**Exercise details**
Leave every picture out and give back the lines below from the first through the line that holds "Sjarief, or Sayyid Baba", exactly as written.

**Data for this task**
- - - - - - -

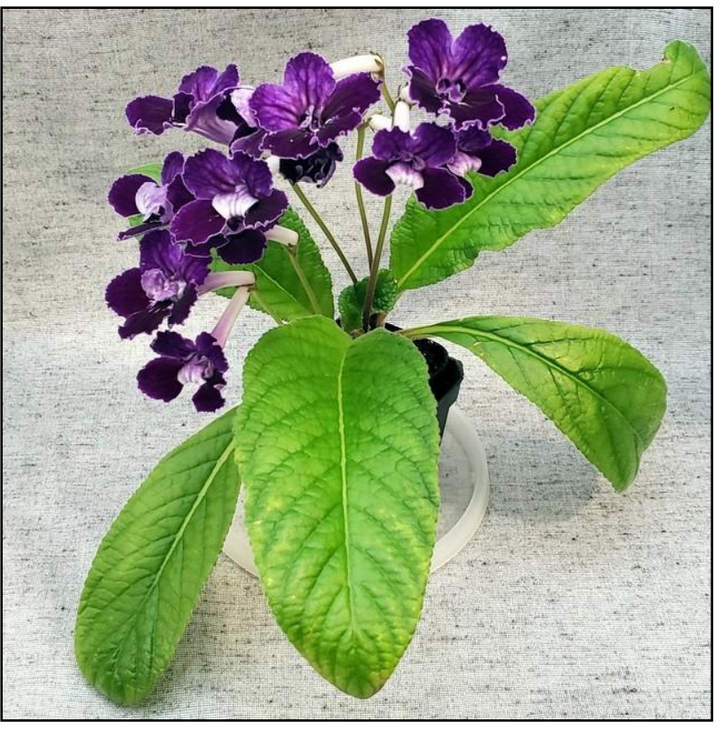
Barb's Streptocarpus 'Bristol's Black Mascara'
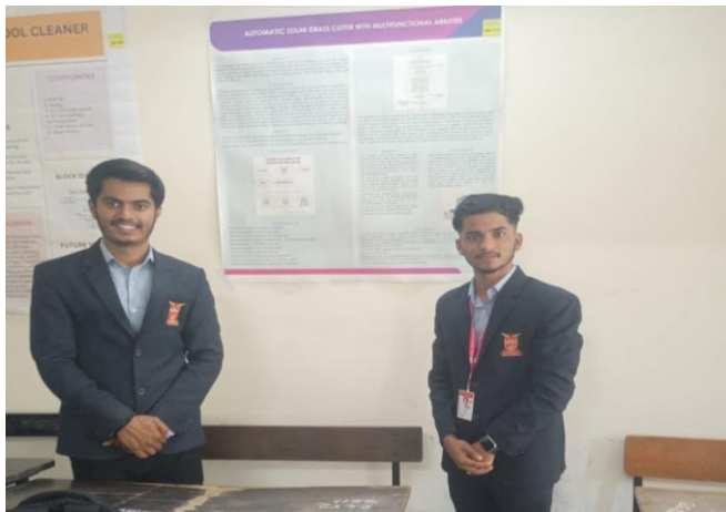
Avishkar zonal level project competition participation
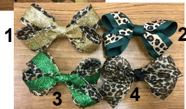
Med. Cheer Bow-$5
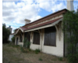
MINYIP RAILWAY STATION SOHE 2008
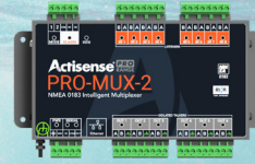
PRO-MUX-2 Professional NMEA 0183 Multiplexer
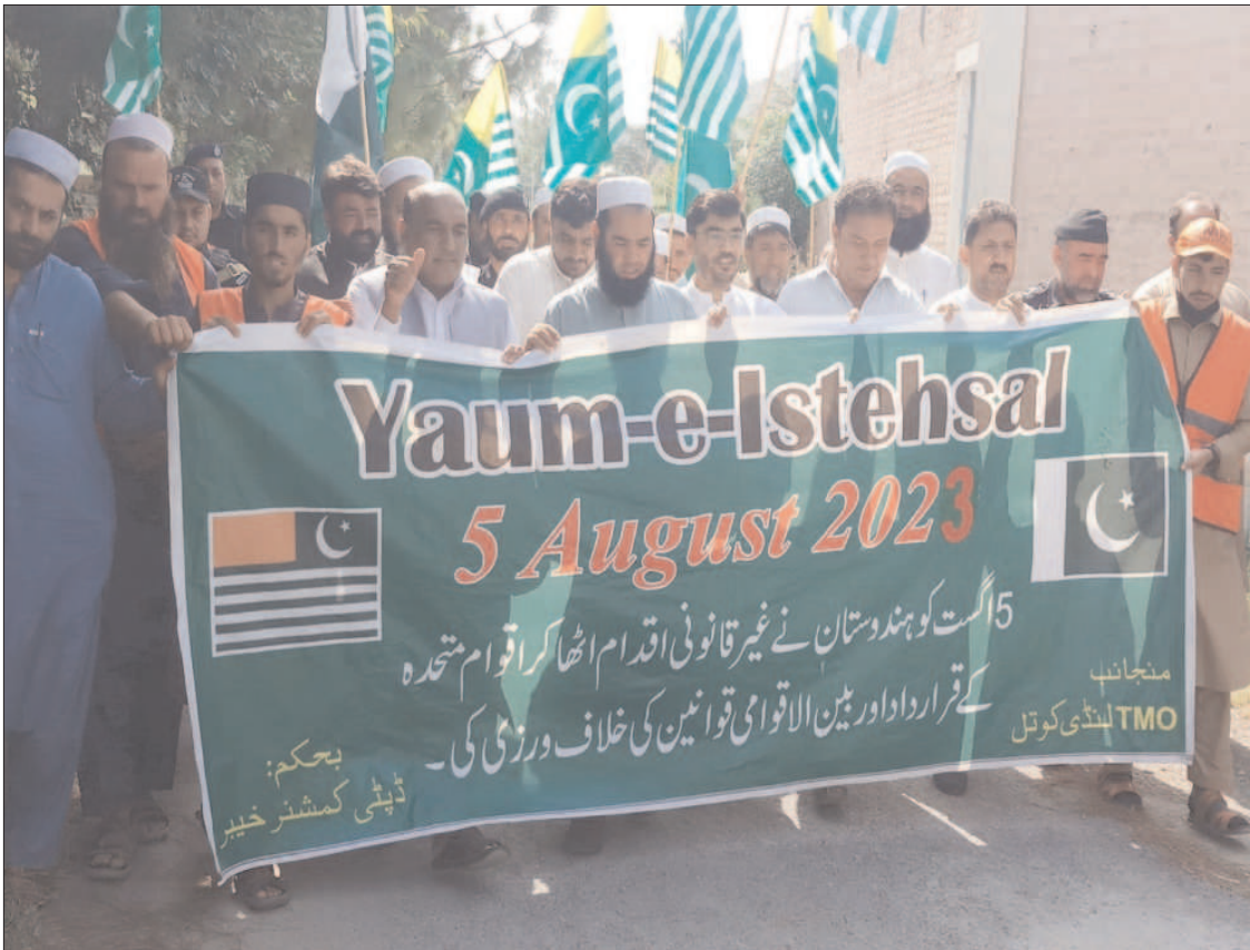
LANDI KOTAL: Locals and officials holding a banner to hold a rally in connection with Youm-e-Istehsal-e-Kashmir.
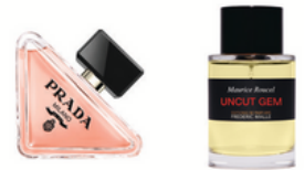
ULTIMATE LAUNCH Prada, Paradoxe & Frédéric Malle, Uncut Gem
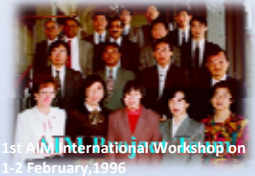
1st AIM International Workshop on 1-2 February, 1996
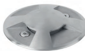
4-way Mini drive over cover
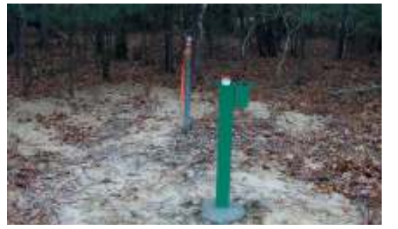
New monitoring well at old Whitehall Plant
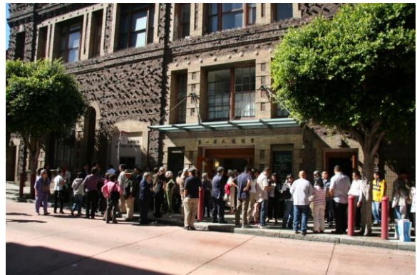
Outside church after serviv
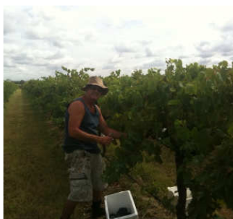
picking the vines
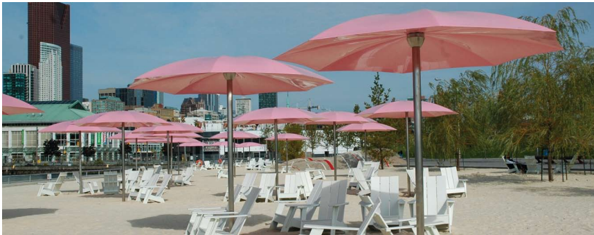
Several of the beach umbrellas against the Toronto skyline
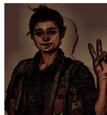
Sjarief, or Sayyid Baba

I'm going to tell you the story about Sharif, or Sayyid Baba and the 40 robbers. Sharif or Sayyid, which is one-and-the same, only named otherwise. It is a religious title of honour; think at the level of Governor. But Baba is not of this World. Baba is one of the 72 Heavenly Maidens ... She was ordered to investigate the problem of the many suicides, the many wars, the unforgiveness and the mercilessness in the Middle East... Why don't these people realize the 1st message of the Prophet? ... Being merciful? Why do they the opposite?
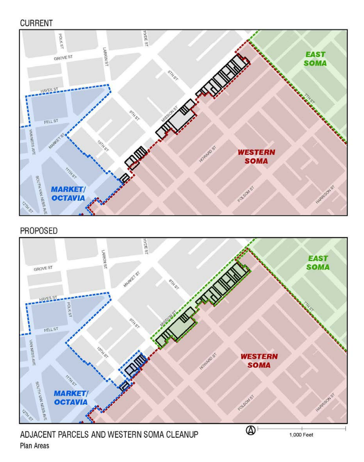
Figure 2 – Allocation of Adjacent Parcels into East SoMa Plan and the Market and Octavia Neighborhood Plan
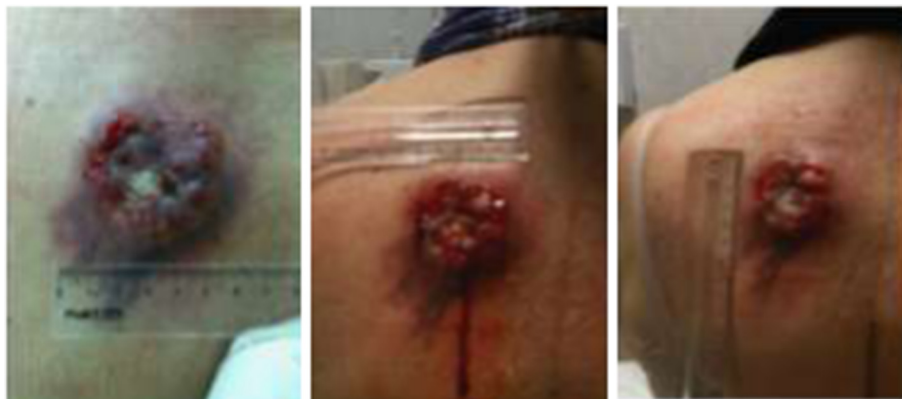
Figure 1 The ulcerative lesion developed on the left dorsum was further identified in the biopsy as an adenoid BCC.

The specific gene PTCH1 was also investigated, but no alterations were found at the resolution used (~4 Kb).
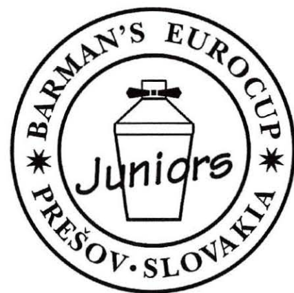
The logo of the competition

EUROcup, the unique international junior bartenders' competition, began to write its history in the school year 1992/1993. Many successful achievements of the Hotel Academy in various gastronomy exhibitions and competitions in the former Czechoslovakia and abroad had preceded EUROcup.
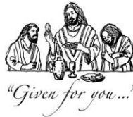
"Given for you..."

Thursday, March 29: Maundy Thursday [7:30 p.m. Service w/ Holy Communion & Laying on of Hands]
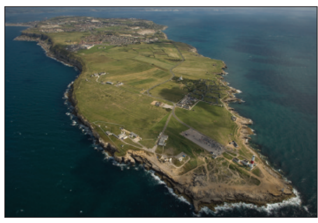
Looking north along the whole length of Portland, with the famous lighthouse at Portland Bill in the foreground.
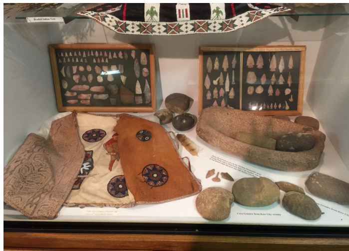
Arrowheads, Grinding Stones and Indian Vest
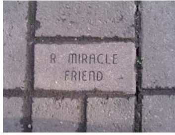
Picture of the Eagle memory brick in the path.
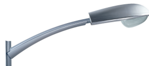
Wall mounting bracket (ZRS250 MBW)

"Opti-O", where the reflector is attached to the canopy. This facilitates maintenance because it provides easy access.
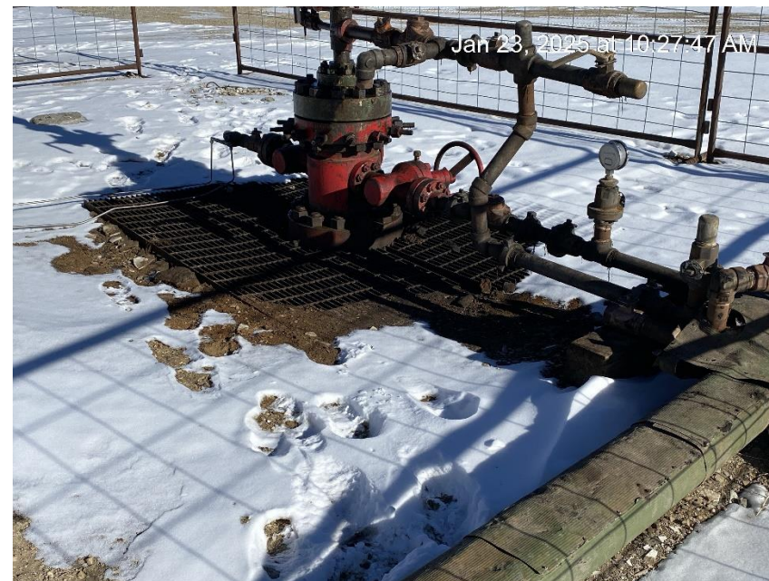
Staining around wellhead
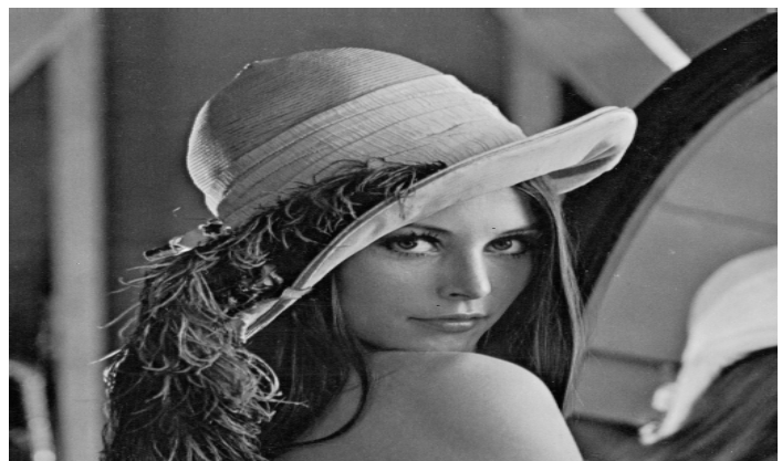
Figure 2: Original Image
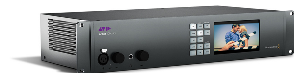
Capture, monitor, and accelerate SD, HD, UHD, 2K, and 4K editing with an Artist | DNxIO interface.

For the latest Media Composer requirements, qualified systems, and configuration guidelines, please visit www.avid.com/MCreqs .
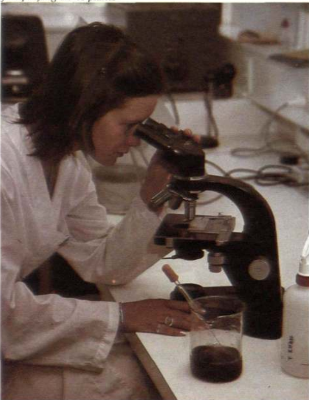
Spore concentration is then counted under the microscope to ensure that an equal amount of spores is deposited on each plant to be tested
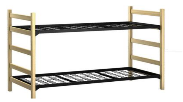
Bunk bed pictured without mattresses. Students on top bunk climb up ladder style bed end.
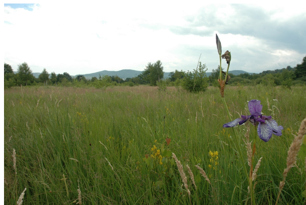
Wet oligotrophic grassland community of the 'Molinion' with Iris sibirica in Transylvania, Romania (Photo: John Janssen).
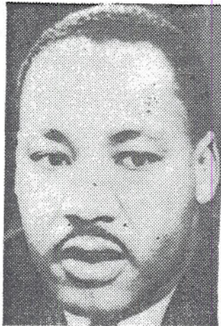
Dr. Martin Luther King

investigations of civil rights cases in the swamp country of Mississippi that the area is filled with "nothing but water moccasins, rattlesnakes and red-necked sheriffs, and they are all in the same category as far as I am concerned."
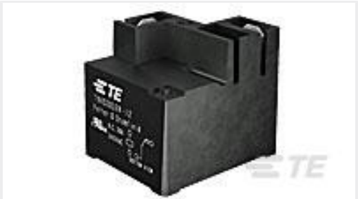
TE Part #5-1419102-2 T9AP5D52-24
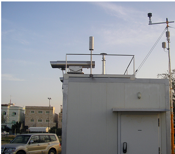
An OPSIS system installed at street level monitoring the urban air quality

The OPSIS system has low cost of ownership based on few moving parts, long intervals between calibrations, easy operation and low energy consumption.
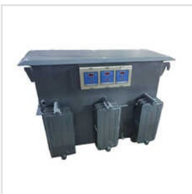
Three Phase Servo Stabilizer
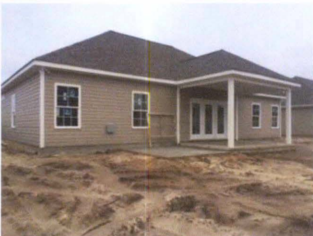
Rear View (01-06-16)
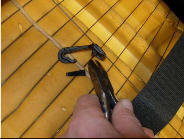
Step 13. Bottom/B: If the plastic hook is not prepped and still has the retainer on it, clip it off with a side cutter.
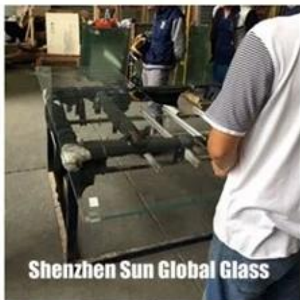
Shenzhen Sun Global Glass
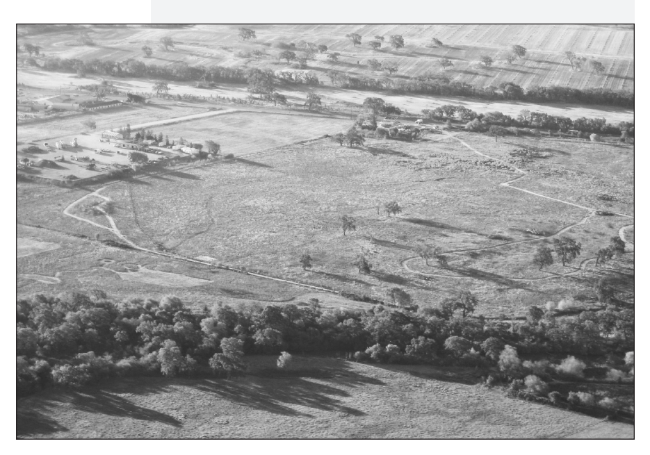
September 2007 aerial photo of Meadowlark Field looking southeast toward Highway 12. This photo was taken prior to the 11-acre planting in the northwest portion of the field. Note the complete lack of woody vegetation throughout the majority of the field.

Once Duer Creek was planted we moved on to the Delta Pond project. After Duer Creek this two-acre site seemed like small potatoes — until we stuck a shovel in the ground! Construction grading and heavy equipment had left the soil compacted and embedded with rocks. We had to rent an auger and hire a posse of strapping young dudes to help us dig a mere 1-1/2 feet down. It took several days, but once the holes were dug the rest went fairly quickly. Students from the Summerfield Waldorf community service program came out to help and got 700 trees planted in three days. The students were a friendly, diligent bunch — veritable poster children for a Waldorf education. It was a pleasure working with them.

- - - - - - -

**Response to the exercise**
Barb's Streptocarpus 'Bristol's Black Mascara'
Avishkar zonal level project competition participation
Med. Cheer Bow-$5
MINYIP RAILWAY STATION SOHE 2008
PRO-MUX-2 Professional NMEA 0183 Multiplexer
LANDI KOTAL: Locals and officials holding a banner to hold a rally in connection with Youm-e-Istehsal-e-Kashmir.
ULTIMATE LAUNCH Prada, Paradoxe & Frédéric Malle, Uncut Gem
1st AIM International Workshop on 1-2 February, 1996
4-way Mini drive over cover
New monitoring well at old Whitehall Plant
Outside church after serviv
picking the vines
Several of the beach umbrellas against the Toronto skyline
Sjarief, or Sayyid Baba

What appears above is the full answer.